Los propios equipos informáticos encargados del desarrollo han pasado a formar parte del perímetro de seguridad crítico. A medida que los agentes de automatización requieren mayores permisos para operar a nivel local con editores, terminales o almacenes de contraseñas, aumenta el riesgo de que técnicas como la inyección de instrucciones maliciosas o los ataques de cadena de suministro comprometan toda la red corporativa. Desde ladirección ejecutiva de GitGuardian, Eric Fourrier, afirma: “Los agentes de IA necesitan credenciales locales para conectarse entre sistemas, lo que convierte los portátiles de los desarrolladores en una gran superficie de ataque. Por eso hemos desarrollado una herramienta de escaneo local y de inventario de identidades para su protección. Los equipos de seguridad deben saber exactamente qué máquinas almacenan cuántas y cuáles credenciales, para detectar debilidades críticas como accesos excesivos o claves de producción expuestas”

Para hacer frente a esta situación, la compañía ha desarrollado un sistema de escaneo e inventario de identidades a nivel local, argumentando que los departamentos de seguridad requieren conocer con exactitud qué equipos almacenan qué tipo de información para identificar debilidades graves, como el exceso de permisos o la exposición de accesos de entornos de producción.

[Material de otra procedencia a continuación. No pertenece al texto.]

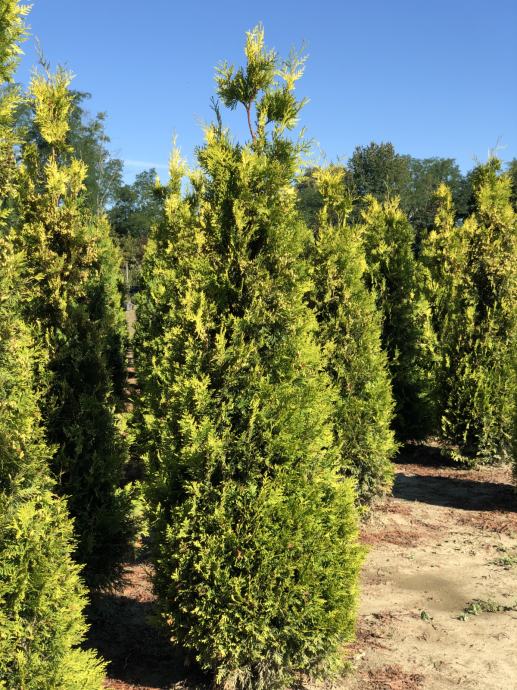 OPIS: Odlična sorta koju karakterizira brz rast i stupoliki habitus. Odrasli primjerak naraste do 5 m visine. Ima kratke grane sa zlatno-zelenim listovima ugodnog mirisa. Najbolje uspijeva na prosječno kiselim tlima. Preferira vlažna tla i osunčane ili blago sjenovite prostore. Karakterizira ju vrlo visoka otpornost na mraz. Izvrstan je materijal za živicu. Biljke se sade na udaljenost 0,8-1 m jedna od druge.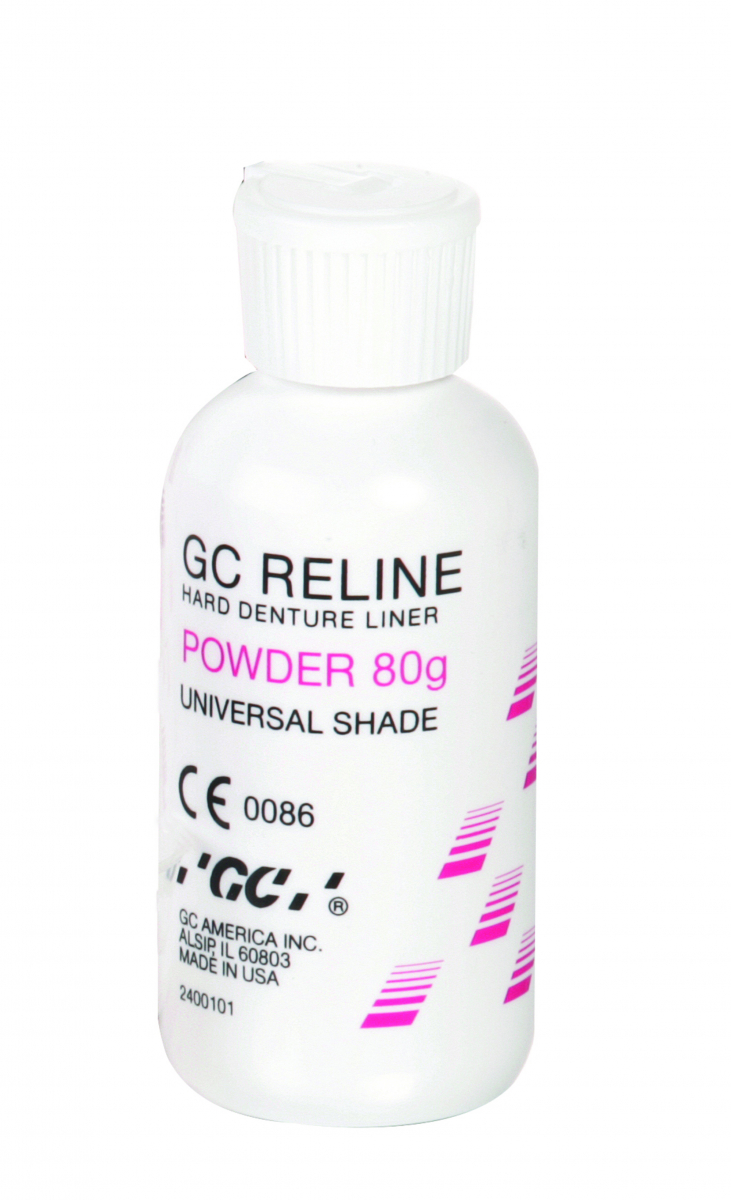 RELINE Resina per ribasature dirette, rigide, di protesi mobili. Non contiene metilmetacrilato e non provoca irritazioni chimiche del tessuto orale. Confezione di polvere da 80 gr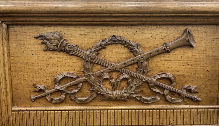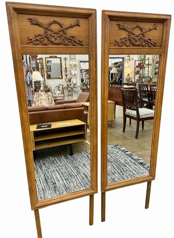 Pair United Mirrors w/Louis XVI Style Motif, H. 49.5 in. x W. 19.5 in.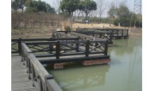 九曲橋九曲十八彎,且每個彎曲的角度大小不一,有大于90度直角的,也有小于90度直角的。九曲橋如今的橋面為花崗石板,每一彎曲處一塊石板上均雕刻一朵季節(jié)性花朵,如正月水仙、二月杏花、三月桃花……直到十二月臘梅;并在九曲橋頭尾的兩塊石板上各雕刻一朵荷花。在湖心亭茶樓門前的一段橋面,中間雕刻一朵荷花,四角則分別雕刻彩云。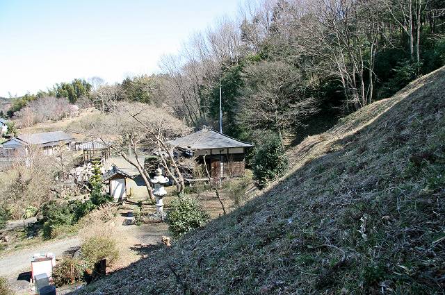 東側の杉木立の標高164m(比高差約30mほど)の小山の東側斜面には古い五輪塔を祀る塚とともに切岸状の地形が3ヶ所以上確認されます。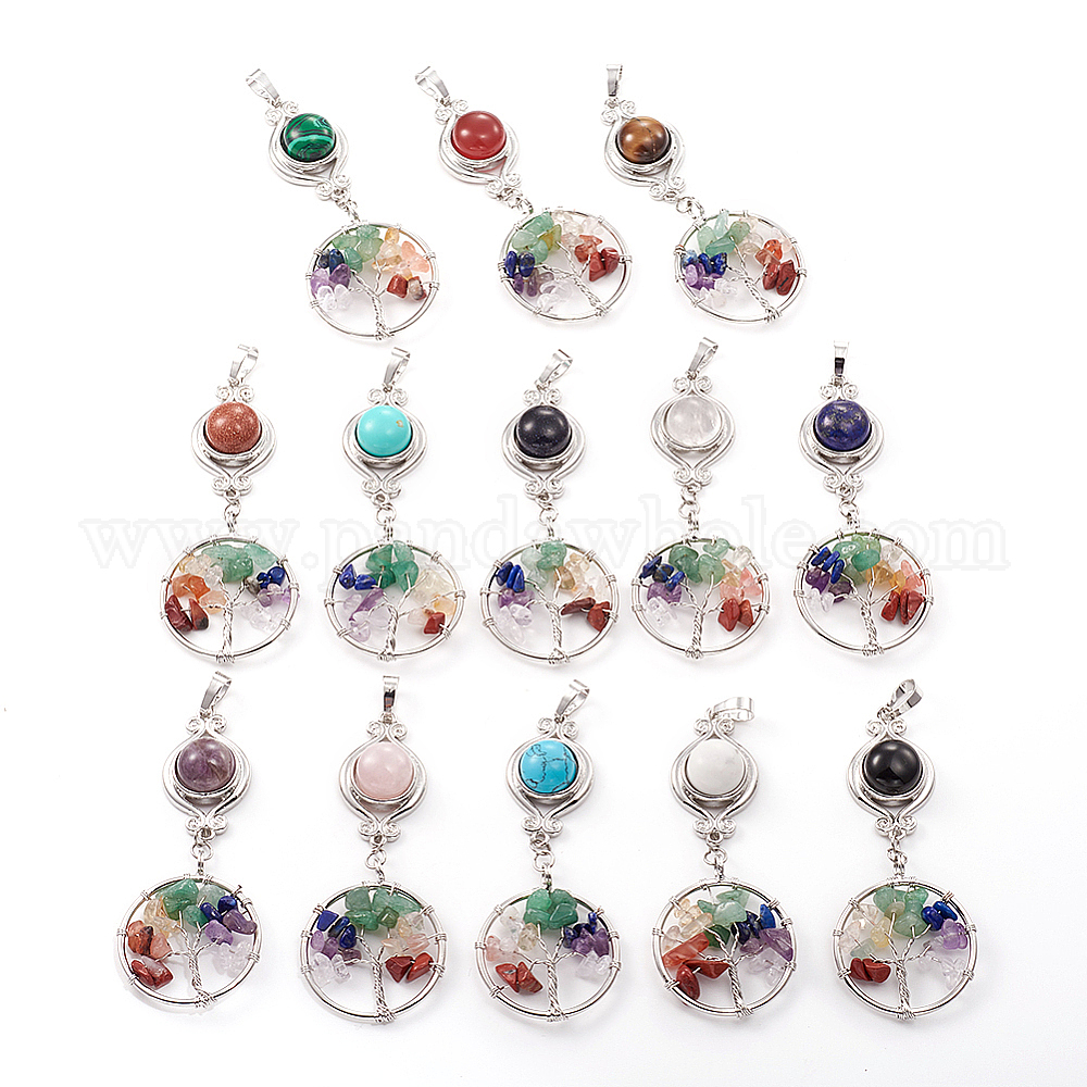 Драгоценный камень большие кулоны, с латунной фурнитурой и натуральным смешанным камнем "Древо жизни", плоско-круглые, платина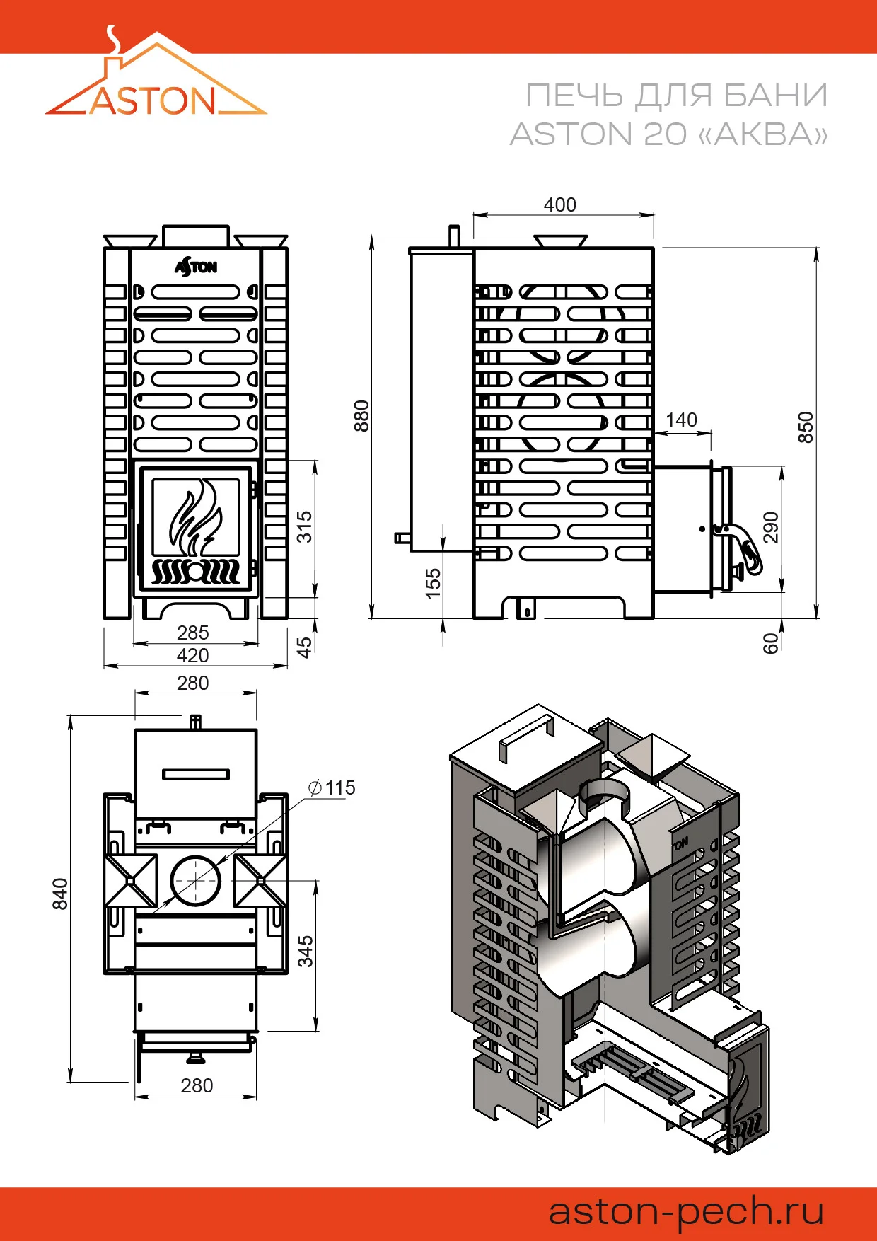 ASTON — бренд банных печей для бюджетных парных и бань-бочек. Несмотря на доступную цену, их конструкция очень интересна:

Retos persistentes en la gestión y revocación de accesos

A pesar de la evolución en las herramientas de creación, el sector informático mantiene deficiencias estructurales en la administración de las identidades no humanas. Aproximadamente el 60% de las brechas de seguridad continúan estando vinculadas a credenciales de larga duración o de acceso permanente. Demostrando que la transición hacia modelos de permisos temporales y de privilegio mínimo avanza de forma considerablemente lenta. La evaluación del nivel de riesgo se complica adicionalmente al comprobar que casi el 46% de las credenciales consideradas críticas no admiten una validación automática por parte de los proveedores. Su grado de peligrosidad solo puede determinarse analizando el contexto de su almacenamiento, la naturaleza de su uso, las dependencias operativas y su nivel de protección en gestores especializados.

Finalmente, los datos históricos muestran una ineficacia notable en los procesos corporativos de respuesta ante incidentes. El problema se agrava al constatar que el 64% de las credenciales detectadas como expuestas en el año 2022 continúan activas en 2026. Esta alarmante situación se atribuye fundamentalmente a la falta de procedimientos claros, sistemáticos y eficaces por parte de los equipos de seguridad para revocar de forma definitiva los accesos comprometidos. Ante este escenario, las conclusiones del análisis apuntan a que la próxima etapa de la ciberseguridad corporativa debe pasar por gestionar las identidades no humanas con el mismo rigor que los activos críticos tradicionales, aplicando políticas de gobierno concretas, dotándolas de contexto operativo e implementando respuestas automatizadas tanto dentro como fuera del código fuente.